This class is the base class for any client side Hub proxy connection. So what exactly does this class give you?
Well lets have a look at its code for a start shall we:
using System;
using System.Reactive;
using System.Reactive.Linq;
using Client.Hub.Transport;
using Common.Extensions;
namespace Client.Hub
{
internal class ServiceClientBase
{
private readonly IConnectionProvider _connectionProvider;
protected ServiceClientBase(IConnectionProvider connectionProvider)
{
_connectionProvider = connectionProvider;
}
protected IObservable<T> GetResilientStream<T>(Func<IConnection, IObservable<T>> streamFactory,
TimeSpan connectionTimeout)
{
var activeConnections = (from connection in _connectionProvider.GetActiveConnection()
from status in connection.StatusStream
where status.ConnectionStatus == ConnectionStatus.Connected ||
status.ConnectionStatus == ConnectionStatus.Reconnected
select connection)
.Publish()
.RefCount();
var firstConnection = activeConnections.Take(1).Timeout(connectionTimeout);
var firstDisconnection = from connection in firstConnection
from status in connection.StatusStream
where status.ConnectionStatus == ConnectionStatus.Reconnecting ||
status.ConnectionStatus == ConnectionStatus.Closed
select Unit.Default;
var subsequentConnection = activeConnections.Skip(1).Select(_ => Unit.Default).Take(1);
var disconnected = firstDisconnection.Merge(subsequentConnection)
.Select(_ => Notification.CreateOnError<T>(new Exception("Connection was closed.")))
.Dematerialize();
return (from connection in firstConnection
from t in streamFactory(connection)
select t)
.Merge(disconnected)
.Publish()
.RefCount();
}
}
}
There is an awful lot going on in this class.
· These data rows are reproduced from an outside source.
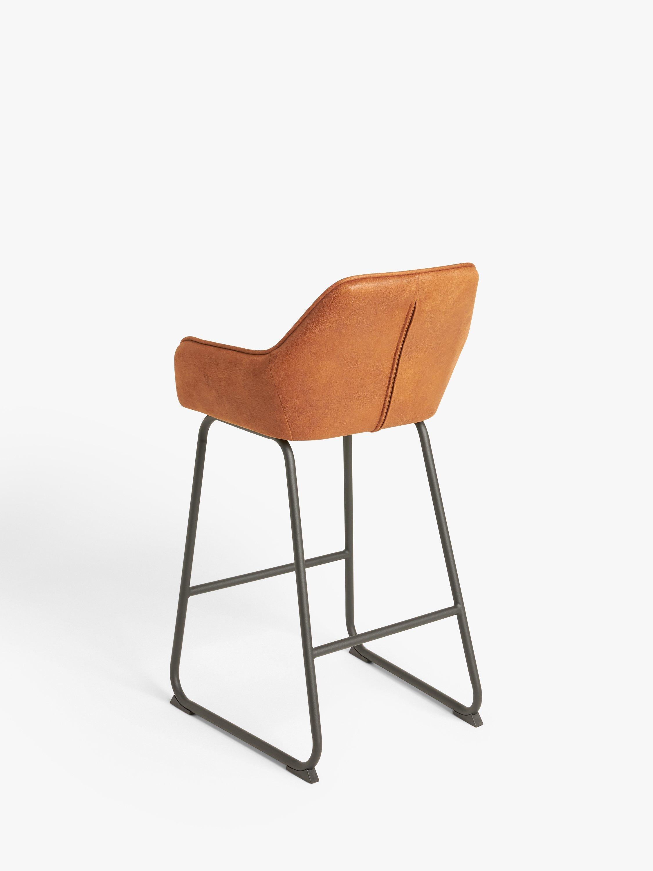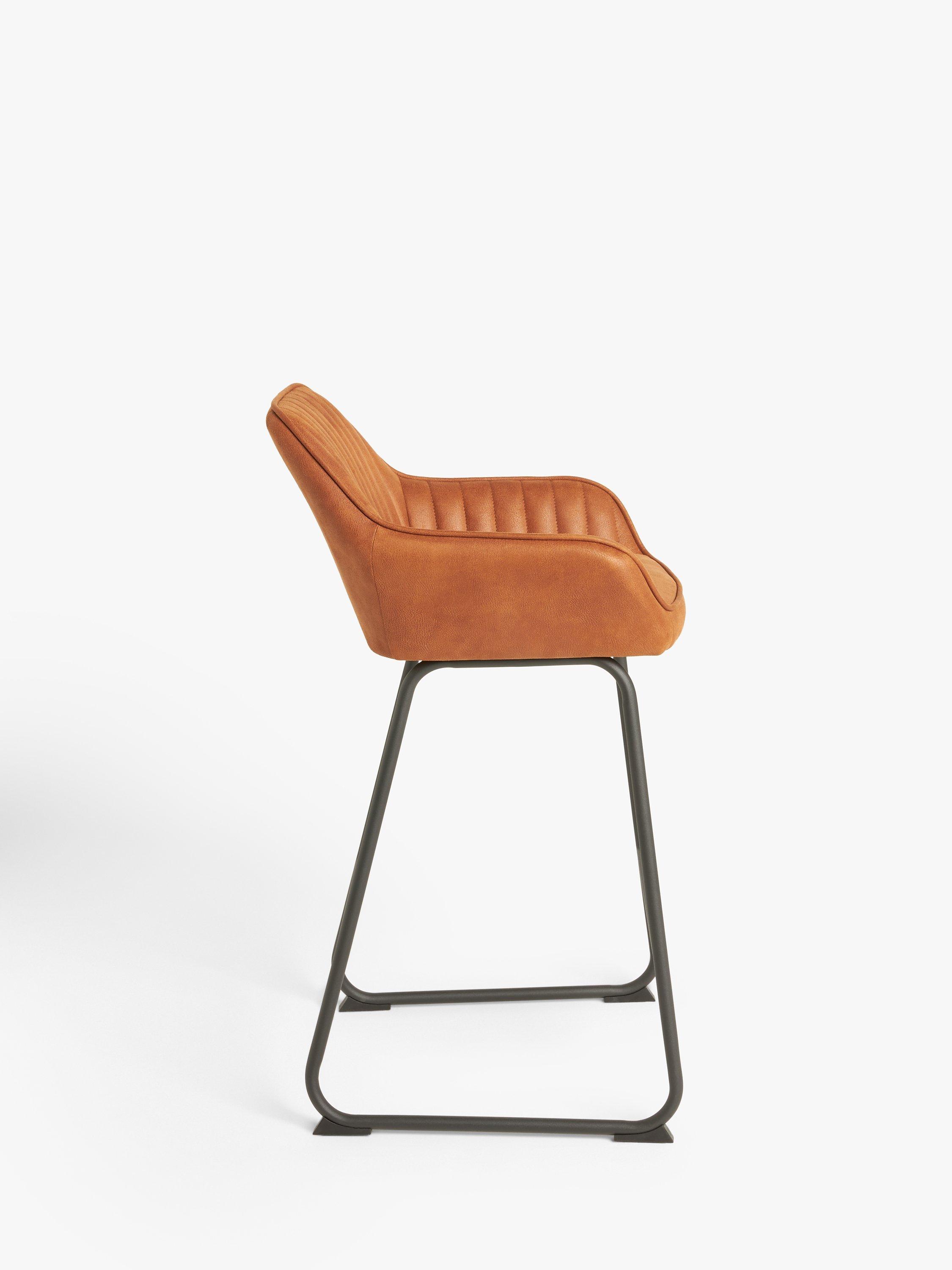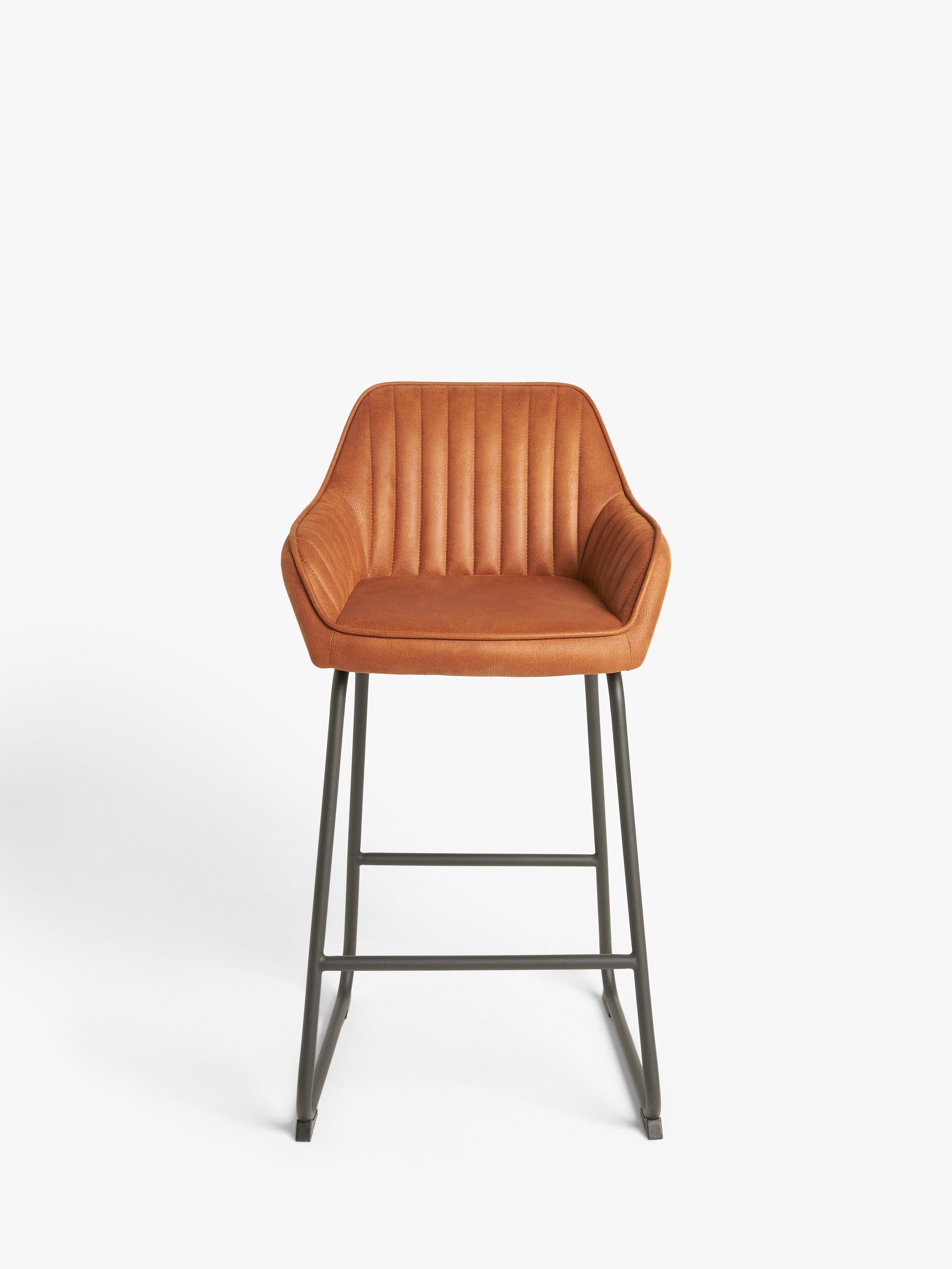Our Brooks bar stool has a tactile seat upholstered in resilient faux leather and a minimalist yet stable metal leg frame with a leg rest. Well-cushioned and quilted in a neatly stitched design, it's ideal for casual dining with the backrest, integrated arms and foam-filled seat providing comfortable support.
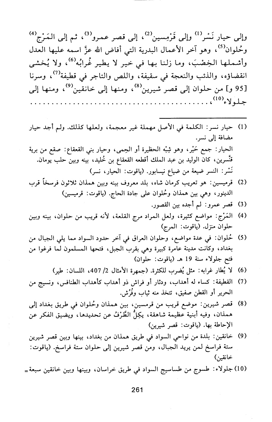 [4] المرج: مواضع كثيرة، ولعل المراد مرج القلعة، لأنه قريب من حلوان، بينه وبين حلوان منزل. (ياقوت: المرج)
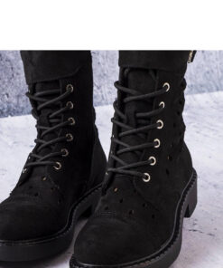 Zwarte kanten enkellaarsjes van Legault zijn de ideale schoenen voor de aankomende zomer. Met een enkelhoogte versierd met kleine ruitvormige uitsparingen, zullen deze laarsjes charme toevoegen aan elke outfit. Gemaakt van ecologisch suède, ongevoerd, zijn ze niet alleen stijlvol maar ook comfortabel. Ze sluiten met een rits en zijn ook nog eens aan de voorkant vast te binden met ronde veters, voor een perfecte pasvorm. Ideaal voor liefhebbers van de boho-stijl. De standaard maatvoering zorgt ervoor dat je je geen zorgen hoeft te maken over het kiezen van de juiste maat. Daarnaast hebben de laarsjes een zwarte rubberen zool, waardoor ze niet alleen trendy maar ook praktisch zijn. Perfect schoeisel voor warme zomerdagen!

As I say THIS class is a core class. So what exactly does it do?
Well it does a few things
- First and foremost it provides an
IObservable<T>
based on the factory which produces the final IObservable<T>
that will be yielded. This factory will be the unique source stream (IObservable<T>
) that needs to be made resilient. - It uses a connection status stream (which internally makes use of the SignalR events (such as connected/disconnected) to create the status stream) to merge into the overall stream. When a "
Reconnection
" or "Closed
" status stream result (OnNext
value) is seen, we consider that to be a disconnection, and we synthesize an OnError
notifcation (by using the standard Rx Dematerialize
operator) that is merged with the actual facory streams value, to give an overall stream result, which could potentially now yield OnNext
/OnError
to its consumers - We also use the standard RX
Publish
operator, we do this to share the same underlying IObservable<T>
sequence - We also use the standard RX
RefCount
operator, such that when there is no subscribers the sequence will be disposed
This class makes use of a couple of extra uiltity classes, which we shall look at next
The ConnectionProvider
class has but one job to do, which is to return a IObservable<IConnection>
, where an IConnection
looks like this.:
internal interface IConnection
{
IObservable<ConnectionInfo> StatusStream { get; }
IObservable<Unit> Initialize();
string Address { get; }
void SetAuthToken(string authToken);
IHubProxy TickerHubProxy { get; }
}
The more eagle eyed amongst you will spot the use of Unit
, that is a kind of way of saying we do not care what the result is just that there is one.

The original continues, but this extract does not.